Distribution of Knowns and Unknowns for EST Assemblies
| Organism | Number of ESTs[ii] | Number of assemblies | Number of known genes[iii] (%) | Number of putative genes[iv](%) | Number matching ProDom[v] (%) | Number matching CDD[vi](%) | Number of known– unknowns[vii] (%) | Number unique[viii](%) |
| Taxoplasma gondii | 23420 | 10585 | 72 (0.68) | 1695 (16.01) | 1633 (15.43) | 1075 (10.16) | 116 (1.10) | 7829 (73.92) |
| Neospora caninum | 3121 | 1388 | 2 (0.1) | 223 (16.1) | 238 (17.1) | 167 (12.0) | 9 (0.6) | 1022 (73.63) |
| Sarcocystis neurona | 4949 | 1445 | 0 | 219 (15.2) | 215 (14.9) | 171 (11.8) | 16 (1.1) | 1091 (75.50) |
| Eimeria tenella | 13679 | 3425 | 8 (0.2) | 592 (17.3) | 529 (15.4) | 453 (13.2) | 54 (1.6) | 2272 (66.33) |
| Plasmodium falciparum | 10023 | 5800 | 243 (4.19) | 886 (15.3) | 1339 (23.09) | 738 (12.7) | 271 (4.67) | 2989 (51.53) |
[i] The same number of significant digits were kept in the percentages shown for each entry.

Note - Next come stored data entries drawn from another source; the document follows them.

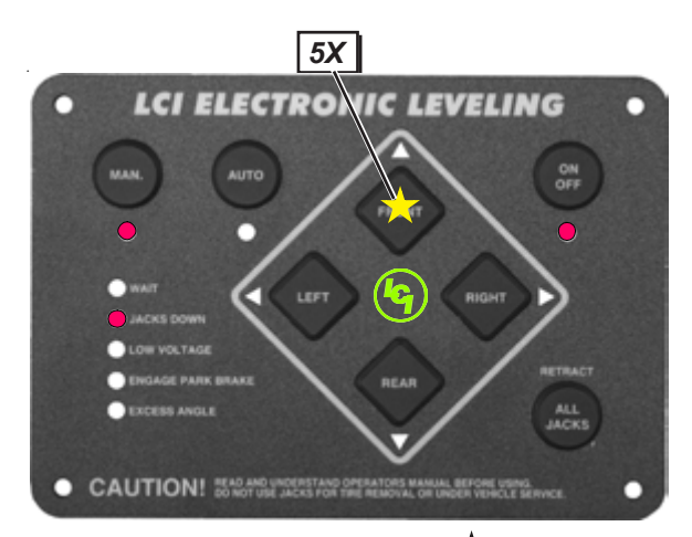
Push the "FRONT" button ★5 times.

MANUALLY LEVEL the coach. Turn the TOUCH PAD "OFF" . Turn the TOUCH PAD "ON" again. This readies the TOUCH PAD for reprogramming the LEVEL ZERO POINT.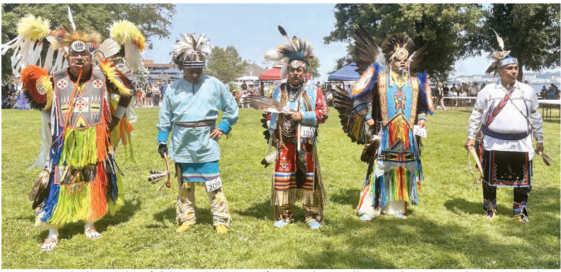
Dancers await the results of the Running Strong for American Indian Youth Powwow dance competition Aug. 6 at Waterfront Park.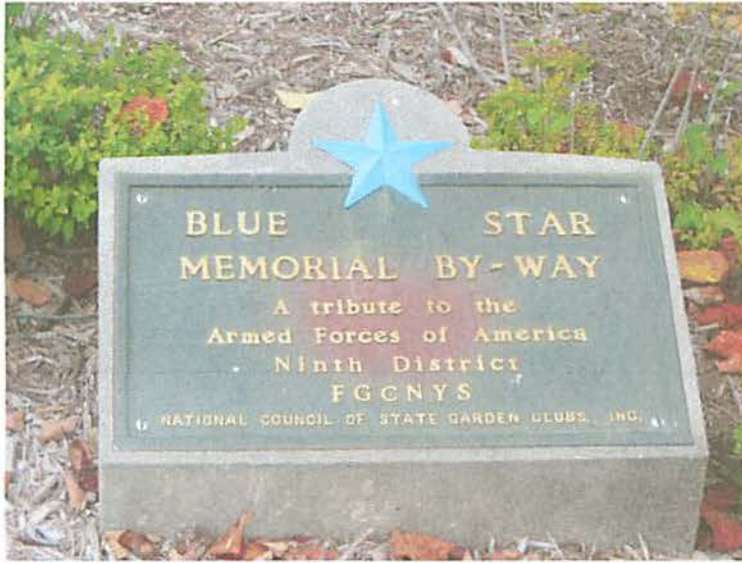
September 12, 2014 at 1:30:17 PM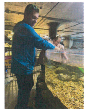
CITY MUSEUM AND SCIENCE CENTER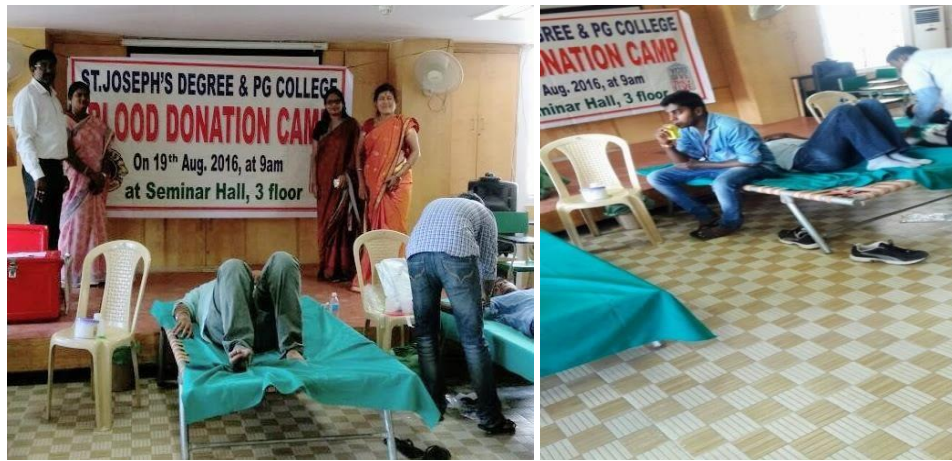
BBA & BBA IT students donating blood at the blood donation camp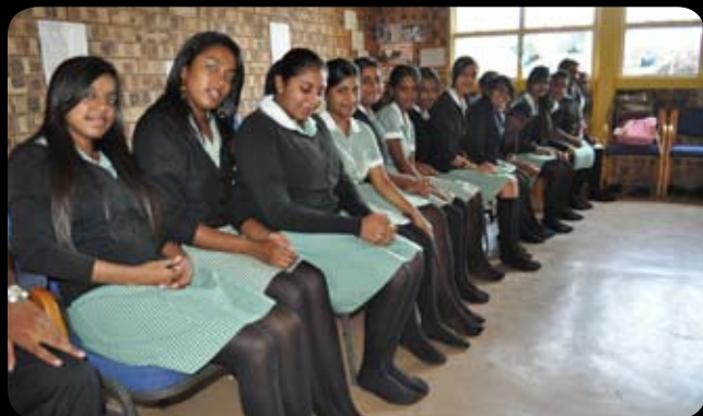
Crossroads peer educators without shoes. (Kwazulu Natal, South Africa)

Crossroads facilitators and presented new pairs of school shoes to each child in the Ekukhanyeni, Mjosi and Thumbela Primary Schools. By the end of the campaign the peer educators were elated as they felt they had made a significant contribution to underprivileged children.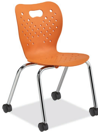
Air Caster Chair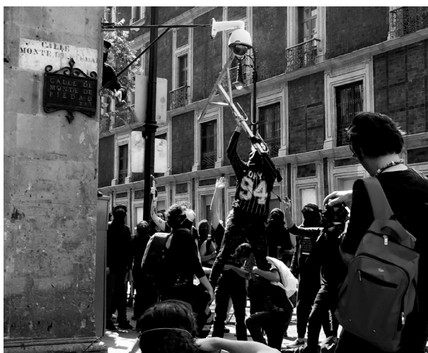
Mexico DF, June 8th, 2020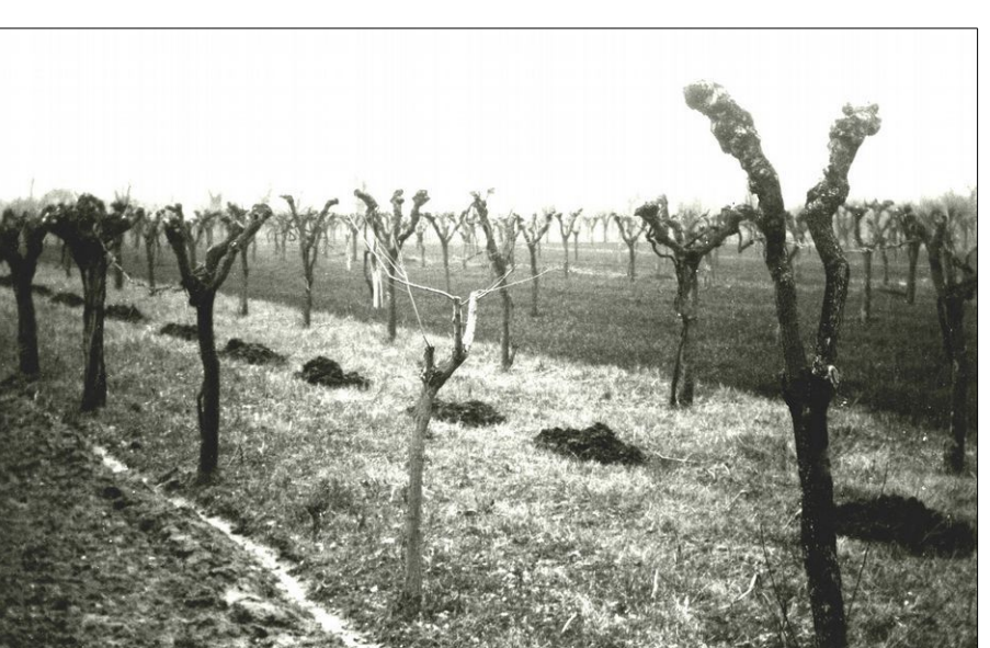
Fig. 7 - Coltura promiscua in Emilia: rows of lopped elms (one dead by DED) as props for the grapevine, heaps of manure for the field crops (lucerne for the cattle, and grain) between them (Photo: C. Buisman, 1935).

In addition to the ones mentioned, elm has had some other functions, but the most important one, from deep prehistory until recently, was the provision of fodder for the cattle, producing milk and associated products.

[ii] The number of ESTs for each organism reflects the content of dbEST/NCBI as of March 2002.
[iii] 98% identity to a protein from the same species in SwissProt/PIR.

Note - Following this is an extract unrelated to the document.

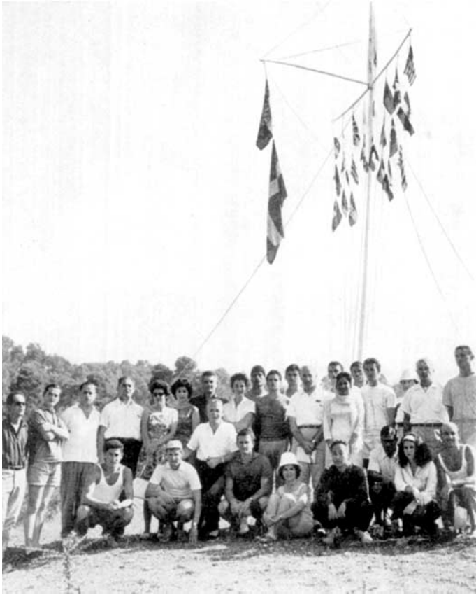
A group of participants.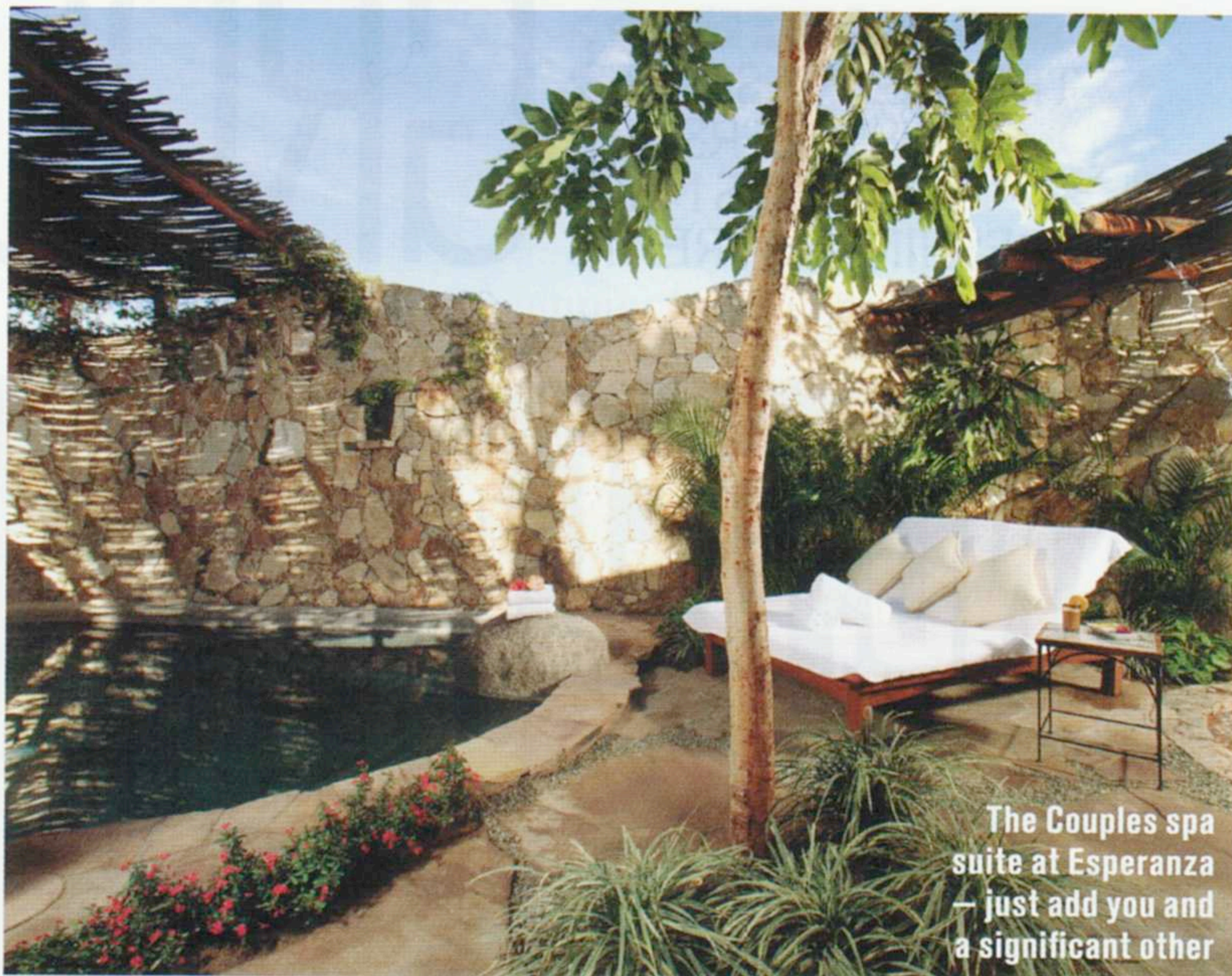
The Couples spa suite at Esperanza – just add you and a significant other

[iv] p < 10−9 similarity to a protein in SwissProt/PIR but excluding those assemblies in “known” and “known unknowns.”
[v] p < 10−9 similar to ProDom.
[vi] p < 10−9 similar to the Conserved Domain Database (CDD).
[vii] p < 10−9 similarity to a protein in SwissProt/PIR, but the best hit has description “hypothetical protein” or “unknown protein.”
[viii] No similarity found with p < 10−5.